╭─ STUDY MATERIAL

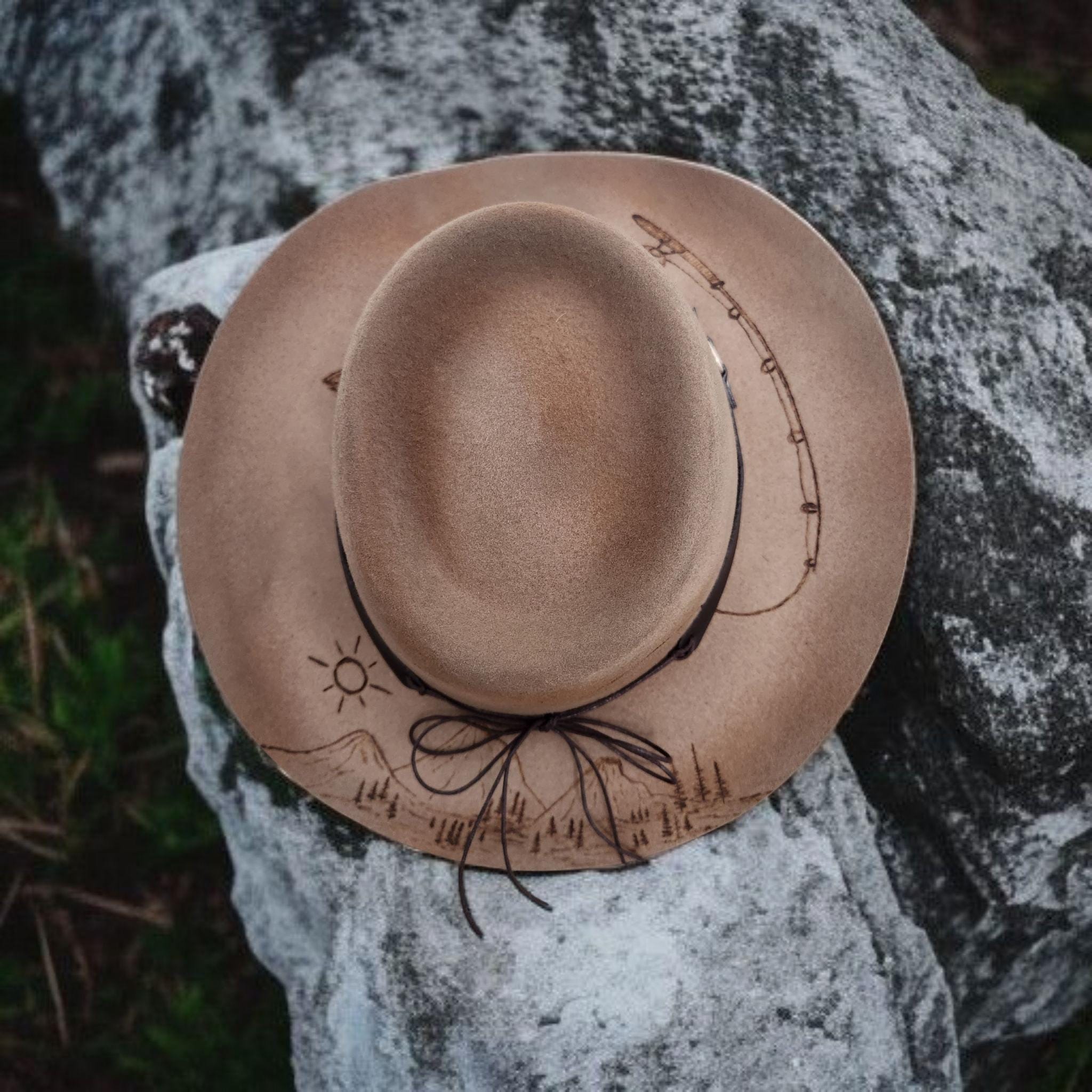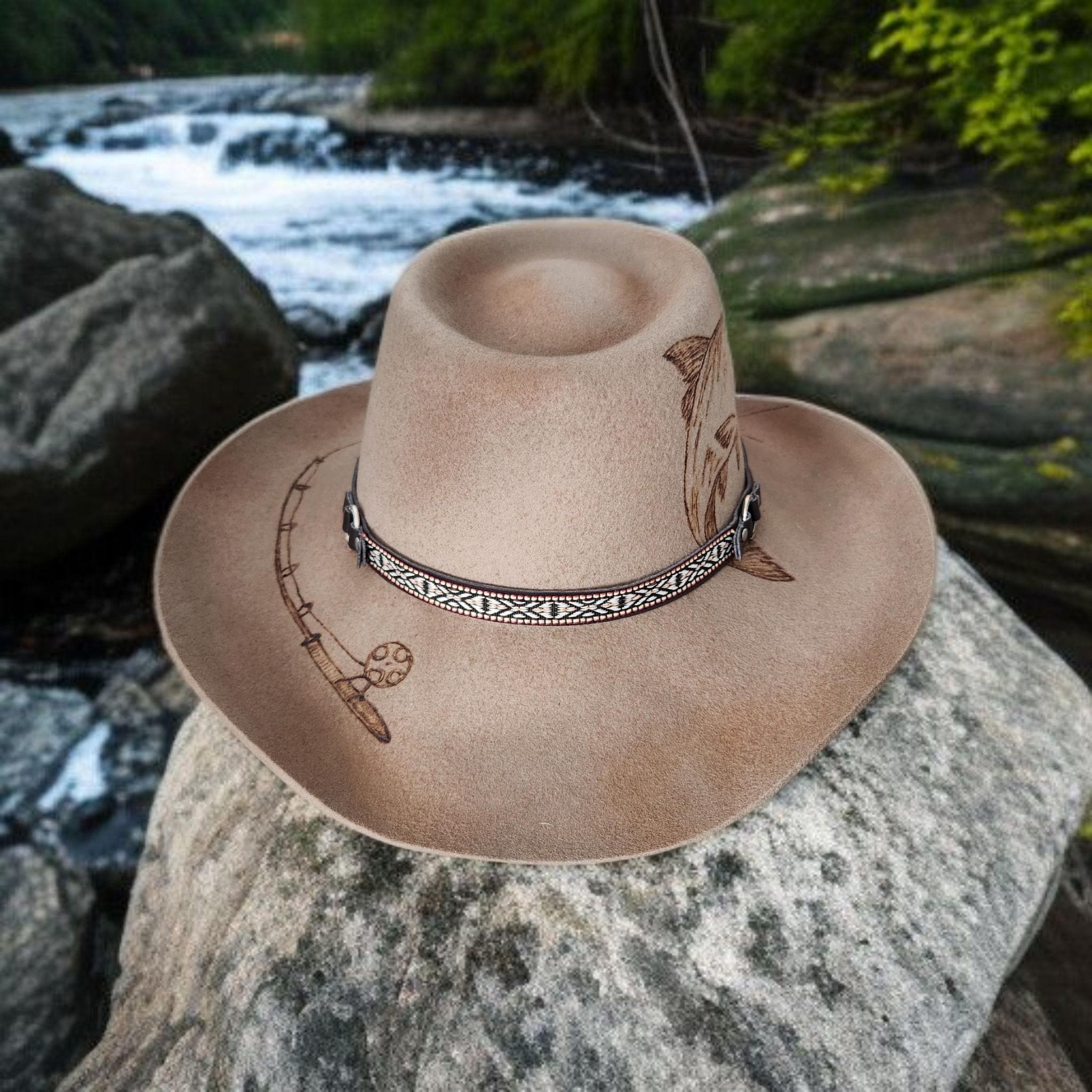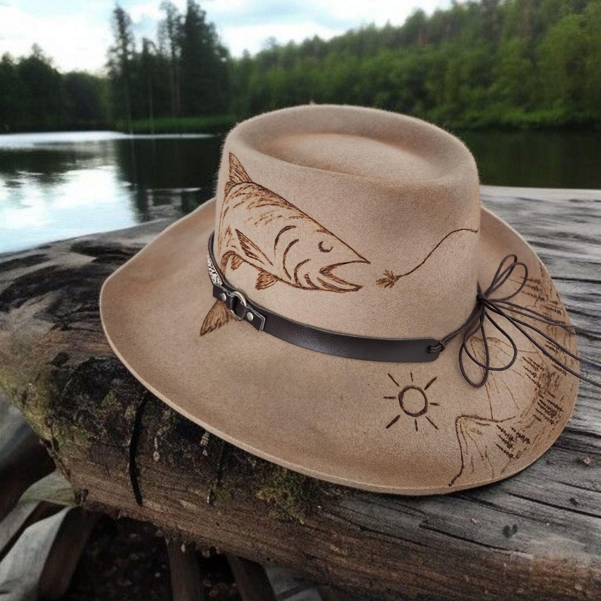 100% Australian Wool Fedora. Hand burned and painted with a distressed look. Has mountains and trees, and a fish going after his bait Burned into the hat.
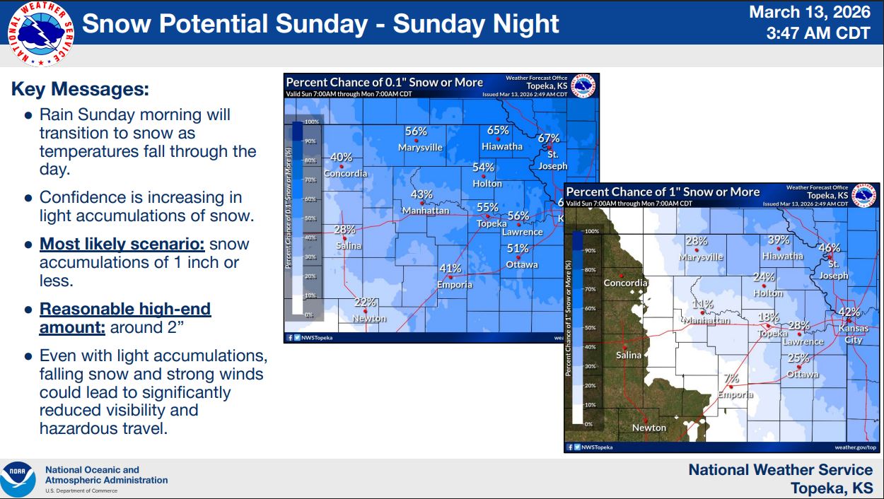 Rain is expected to develop Sunday morning before transitioning to light accumulating snow as colder air moves into the region during the day. Forecasters say the most likely scenario is less than 1 inch of snow, though isolated areas could see up to around 2 inches.
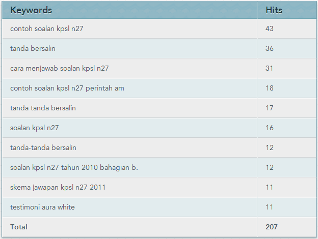 So, minggu lepas keywords berkaitan yang paling popular...Macam macam keywords calon calon peperiksaan cari kan...Good luck ye buat mereka yang sedang bertungkus lumus menjawab soklan peperiksaan....
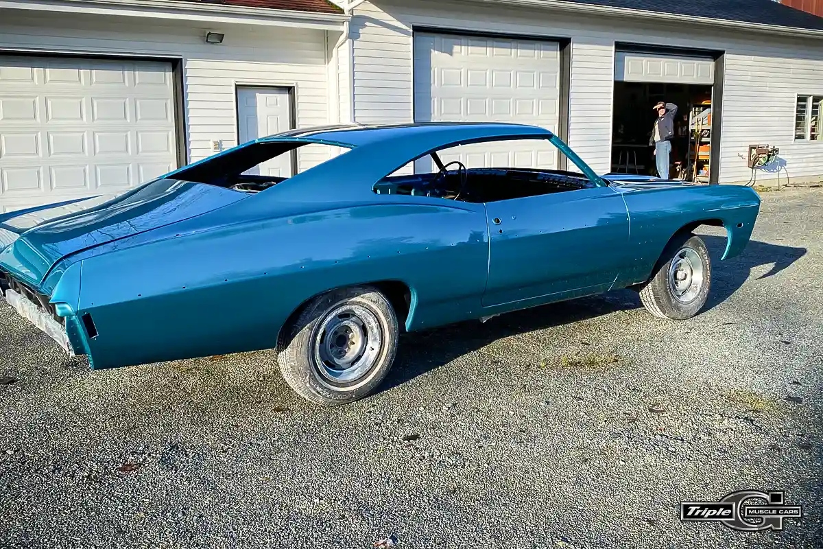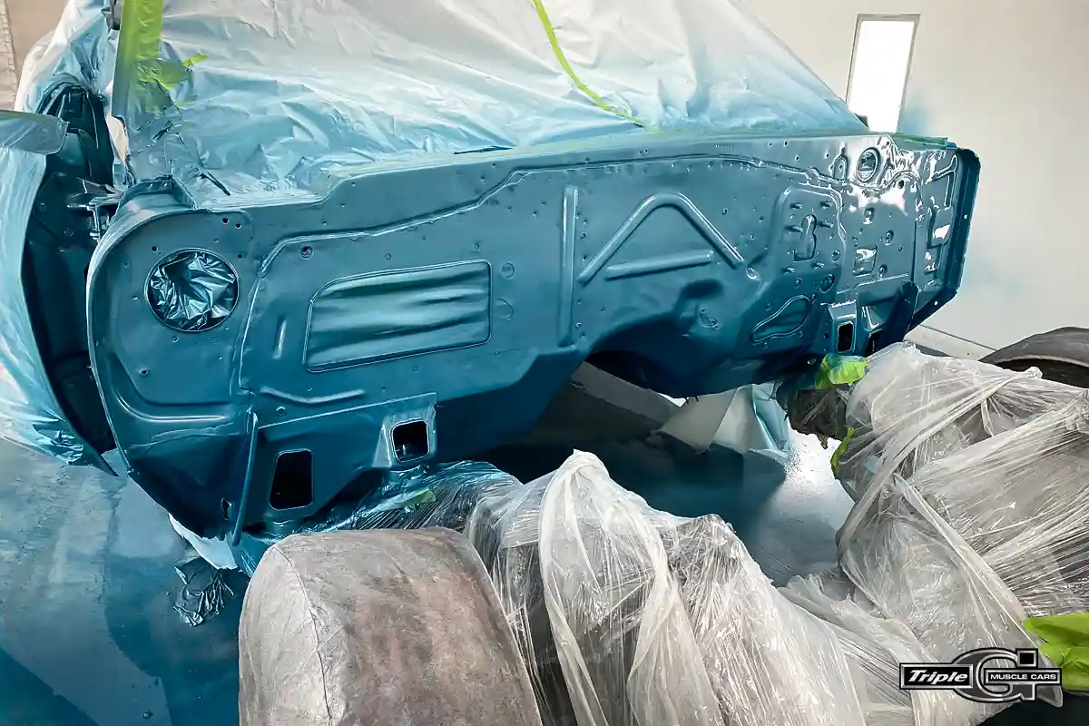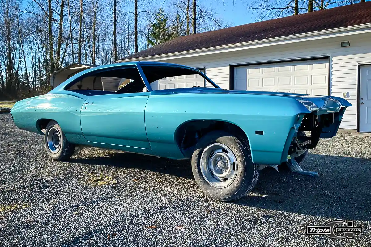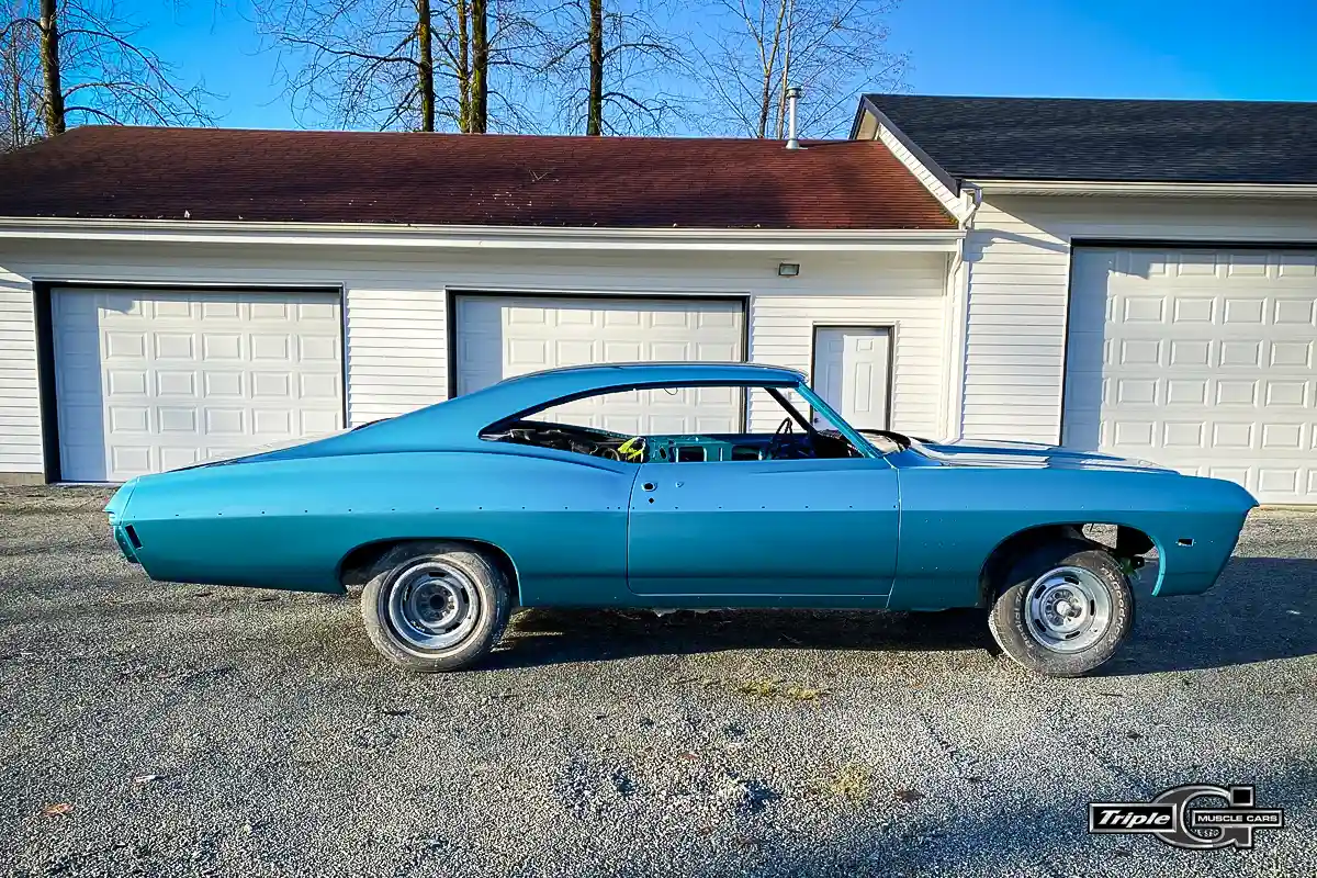 This 1968 Impala SS 427 came to us for a straightforward but high-quality paint job. The customer wanted a fresh look on a budget, aiming for a clean and vibrant finish in classic turquoise.
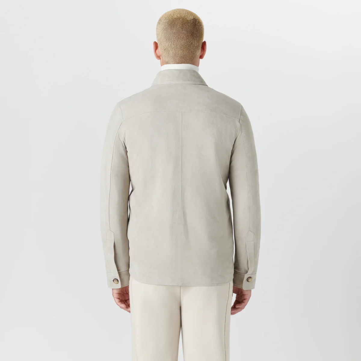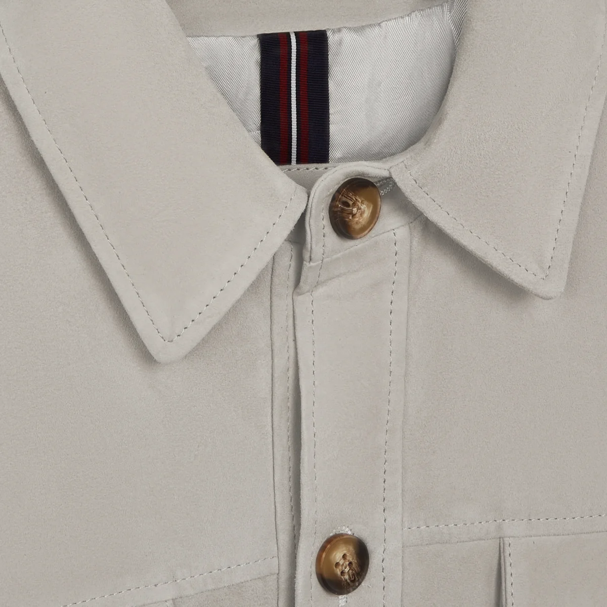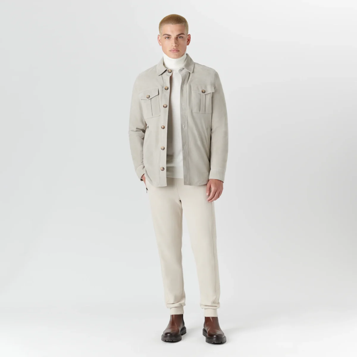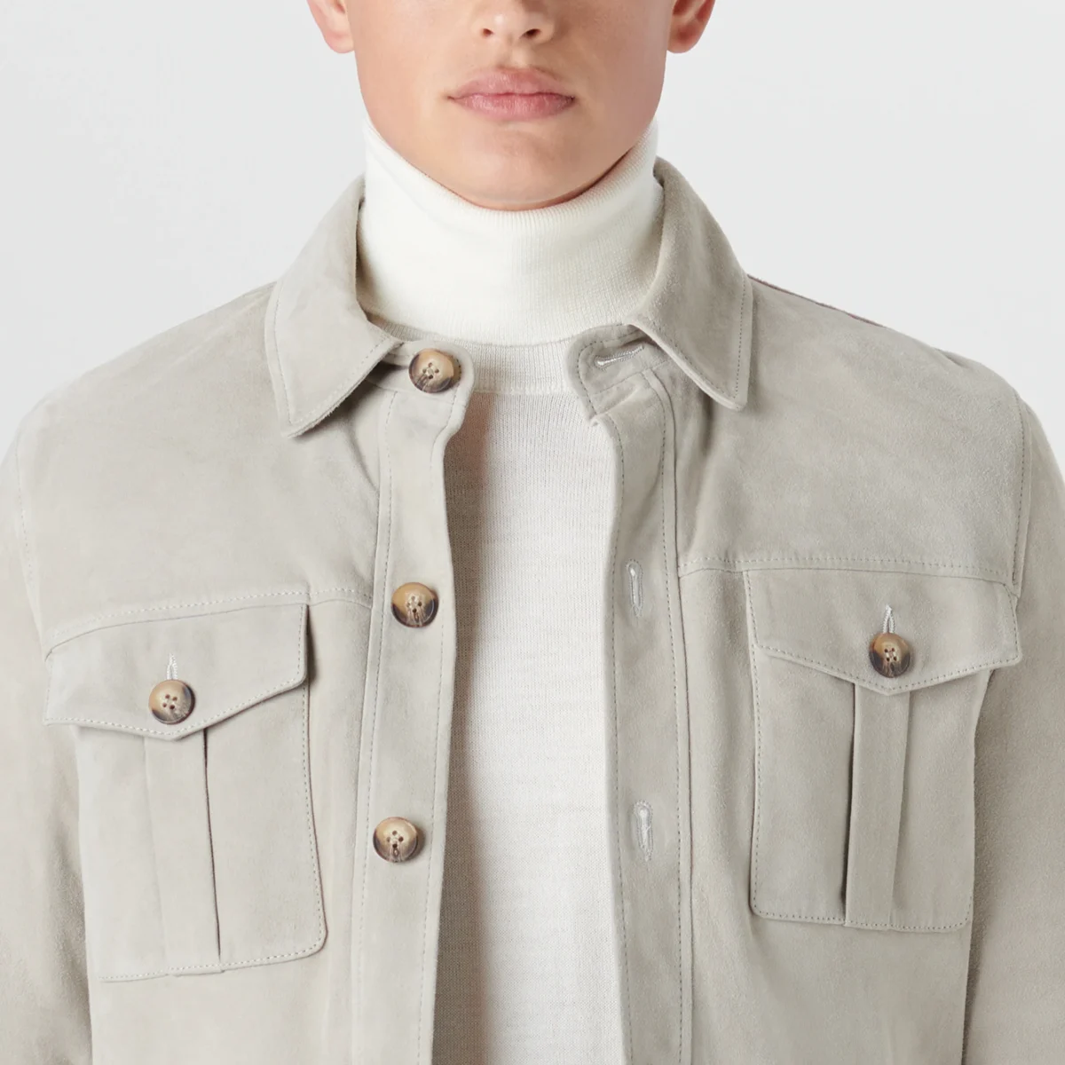 Men’s Beige Suede Shirt Jacket – Button-Up Suede Overshirt

╰─

● **PROBLEM**
Reproduce the data above word for word from its first line through the line that holds "So, minggu lepas", both ends included; skip pictures.

● **REPLY TO THE TASK**
 100% Australian Wool Fedora. Hand burned and painted with a distressed look. Has mountains and trees, and a fish going after his bait Burned into the hat.
 Rain is expected to develop Sunday morning before transitioning to light accumulating snow as colder air moves into the region during the day. Forecasters say the most likely scenario is less than 1 inch of snow, though isolated areas could see up to around 2 inches.
 So, minggu lepas keywords berkaitan yang paling popular...Macam macam keywords calon calon peperiksaan cari kan...Good luck ye buat mereka yang sedang bertungkus lumus menjawab soklan peperiksaan....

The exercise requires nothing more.